Almost 24,000 UK companies may go bankrupt this year; 150,000 firms in serious financial trouble
As many as 23,500 British companies may go bankrupt this year, as a direct result of government spending cuts, and almost 150,000 firms are in serious financial trouble, warned Begbies Traynor Group, the insolvency specialist.
Research from Begbies noted that the number of UK companies with significant financial woes has climbed year-on-year for the first time since the start of 2009.
The firm reported that 147,836 companies sank into financial trouble in the final quarter of 2010, 4 percent higher than the year-ago quarter, and 20 percent higher than the third quarter.
As a result, Begbies estimates that about 23,500 UK companies could file for bankruptcy this year, up from 21,500 in 2010, with smaller businesses suffering the worst impact.
Begbies latest report shows that at present 3,018 companies are now in the critical category, owing a total of almost 53-billion pounds sterling to creditors, suppliers and service providers.
While the amount owed was lower than the third quarter of 2010, the number of companies in trouble had increased by 3 percent, suggesting that more small businesses were suffering financial problems.
“It is likely that many of these ‘problem’ businesses will reach informal arrangements with creditors or will be proactively managed by the banks and restructuring experts outside of formal insolvency,” the firm stated.
“However, given historical experience, these higher levels of distress would typically be expected to translate into a 10 percent or greater rise in formal insolvencies in 2011 (compared to an estimated 15 percent decline in 2010), due to hardening creditor attitudes, the impact of public sector cuts and the gradual unwinding of government support measures.

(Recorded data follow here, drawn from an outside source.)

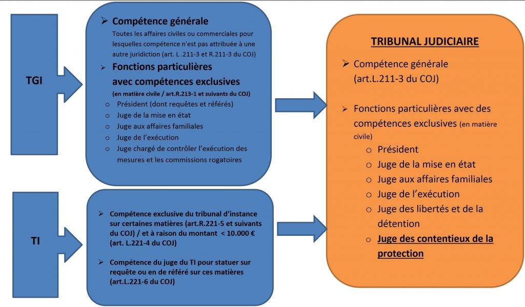 Depuis le 1er janvier 2020, les 285 Tribunaux d’Instance et 164 Tribunaux de Grande Instance ont disparu, remplacés par les Tribunaux Judiciaires.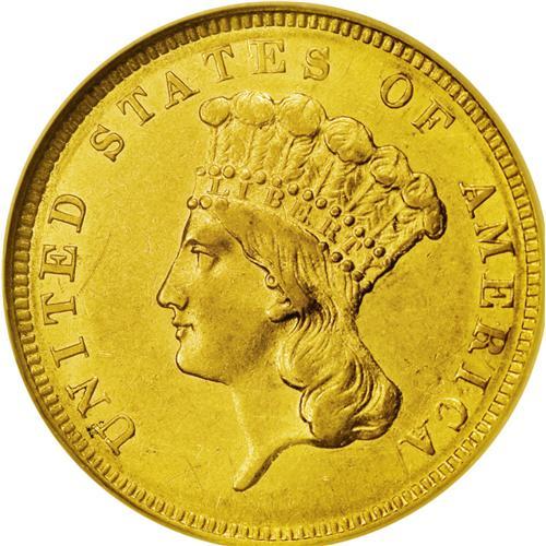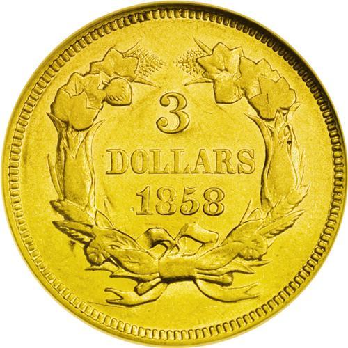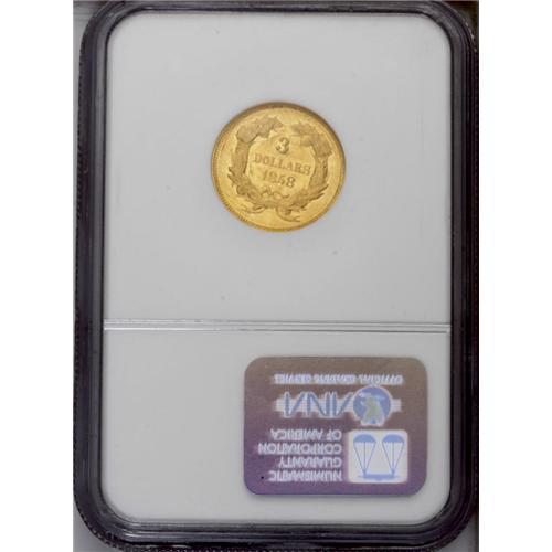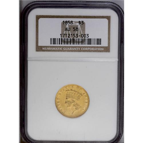 <B>1858<$3> AU58 NGC.</B></I> This is an amazingly rare date, and one that is not often discussed during discussions of gold rarities. The mintage was just 2,133 coins, and only about 5% of those survive today. In <I>The United States $3 Gold Pieces,</B></I> Dave Bowers and Doug Winter suggested that only about 125 examples survive. They continued: "At one time this date was the darling of writers for auction catalogues, but in recent decades its fame has dimmed, most probably because current market emphasis is on high-grade Mint State coins, even of common dates, and truly rare coins at levels such as EF and AU are relatively unnoticed." This example is a lovely specimen with rich yellow-gold luster and frosty surfaces. A few faint hairlines and abrasions are relatively harmless. NGC has only certified 10 finer examples of this date (7/06).<BR><I>From The Derrick Snider Collection.</B></I>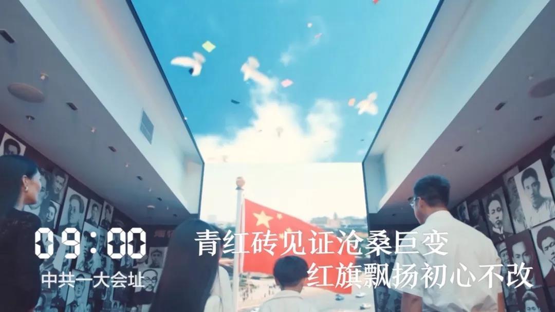 09:00 中共一大会址红旗飘扬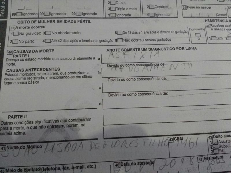 Segundo o medico legista, Dr. João Lisboa de Flores Filho, que assina o laudo ,a morte de André se deu por asfixia por consequência de Afogamento, ou seja, André, segundo o medico legista morreu AFOGADO.
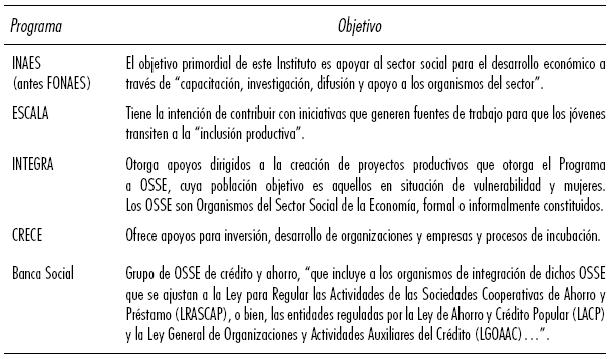 Se encontraron programas de carácter social dependientes del Instituto Nacional de la Economía Social (INAES, antes FONAES), el cual pertenece a la Secretaría de Economía; contenidos en cuatro convocatorias: ESCALA, INTEGRA, CRECE y Banca Social. Estos programas están enfocados al apoyo de grupos sociales vulnerables: jóvenes, mujeres, adultos mayores y público en general que habitan en zonas de pobreza y extrema pobreza (véase cuadro 4).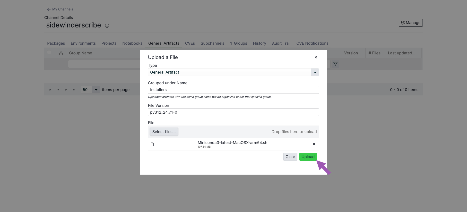 When uploading a general artifact file, you must assign it to an artifact group. In Package Security Manager, the group is considered to be the artifact itself, with the intent that each group contains variations of the same file for different platforms. Using our earlier example, if you want to upload Miniconda installers for distribution, you might create an artifact group calledMiniconda Installers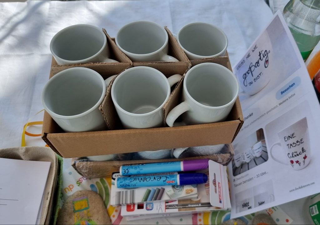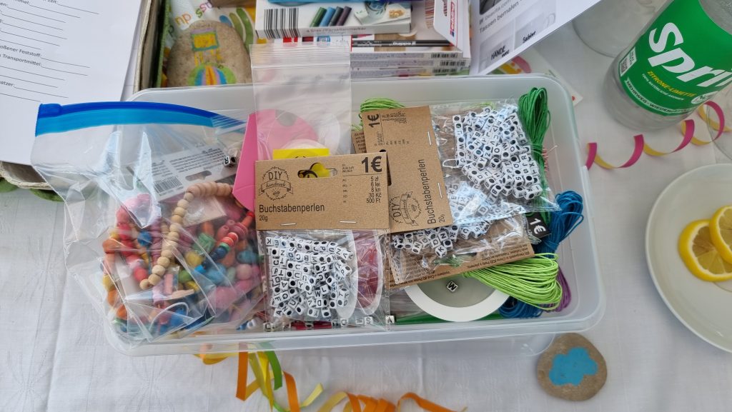 Da ich nur einen Becher pro Gast hatte, gab es noch eine Kiste mit Perlen usw. für Armbänder – das kam auch gut an.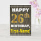 This simple birthday-themed greeting card design features a warm birthday wish like "HAPPY 26th BIRTHDAY, First-Name!" on the front, in bold text on a faux wood appearance pattern background. The birthday number has a faux/imitation gold-like colouring look. The name on the front can be personalised. The inside features a birthday message that can be personalised. A greeting card like this could be a fun way to deliver birthday wishes to somebody who is celebrating their twenty sixth birthday. [~Z0000280]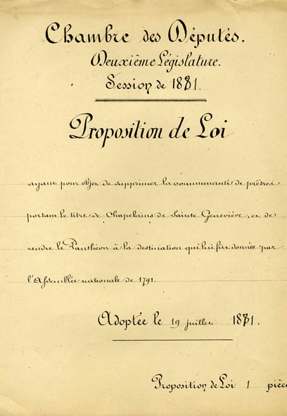Voir le fil d’Ariane Sénat - Accueil Connaître le Sénat L’Histoire du Sénat Archives 1906-1908 : Les parlementaires portent Zola au Panthéon Proposition de loi "Chapelain de Sainte-Geneviève" Proposition de loi portant suppression de la communauté des "Chapelains de Sainte-Geneviève" COTE : 5S65 Partager cette page Partager sur X Partager sur Facebook Partager sur Linkedin Partager par courriel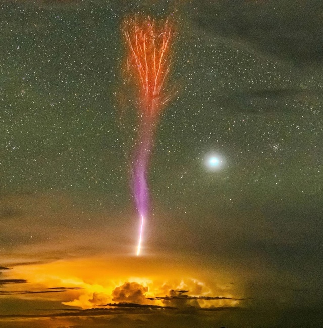 Le changement de couleur et de structure du jet en fonction de l’altitude correspond à différentes valeurs d’énergie des particules impliquées dans la décharge électrique.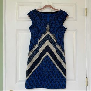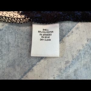 London Times blue, black and gray lace print dress, size 8P. Side zip. A few very slight picks around the neck where a necklace was worn, but they are hard to see. Size zip. 95% polyester, 5% spandex. Dry clean.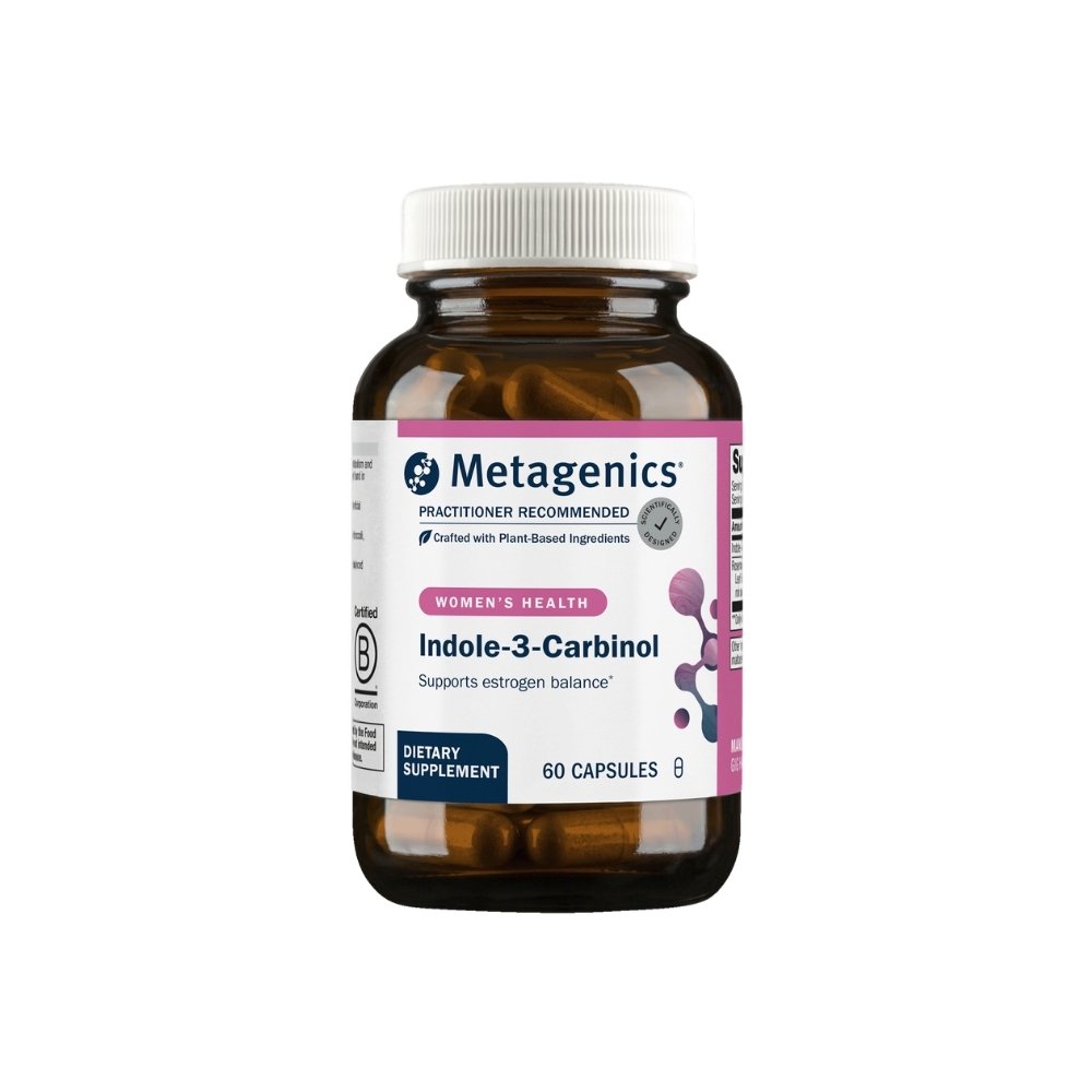 Meta I 3 CTM combines Indole-3-Carbinol (I3C) and 3,3′-Diindolylmethane (DIM) bioactive compounds derived from cruciferous vegetables to support healthy estrogen metabolism and detoxification. I3C and DIM promote the conversion of estrogen into safer, less potent metabolites (2-hydroxyestrone over 16-hydroxyestrone), reducing estrogen-driven cellular proliferation. This formula supports hormonal balance, breast and prostate health, and overall detoxification capacity. Suitable for both men and women. Non-GMO, vegetarian, gluten-free.

This could mean a rise from c.21,500 insolvencies in 2010 to more than 23,500 in 2011.”
Ric Traynor, executive chairman of Begbies Traynor, said: “today’s figures show that UK businesses are demonstrating real signs of distress and that trade creditors are both losing patience with their debtors and in need of collecting cash into their own businesses. These figures show the first evidence of a hardening of creditor attitudes and the real strain being felt by UK companies at this point in the cycle.”
Traynor further warned that these figures “demonstrate that the sectors most reliant on government spending are already feeling the impact of public sector cuts, confirming the financial effects of the recent contraction in the services and construction sectors. With the full implementation of budget cuts only starting to show through in these figures, public sector exposed sectors are likely to face significant increases in the level of corporate failures over the course of 2011. For smaller businesses, we are entering the darkest hour before the dawn; as they face the dual challenges of weak domestic demand and greater pressures from larger competitors and business customers looking to preserve their own profitability. As such, it will be smaller businesses that bear the brunt of an increase in formal insolvencies.”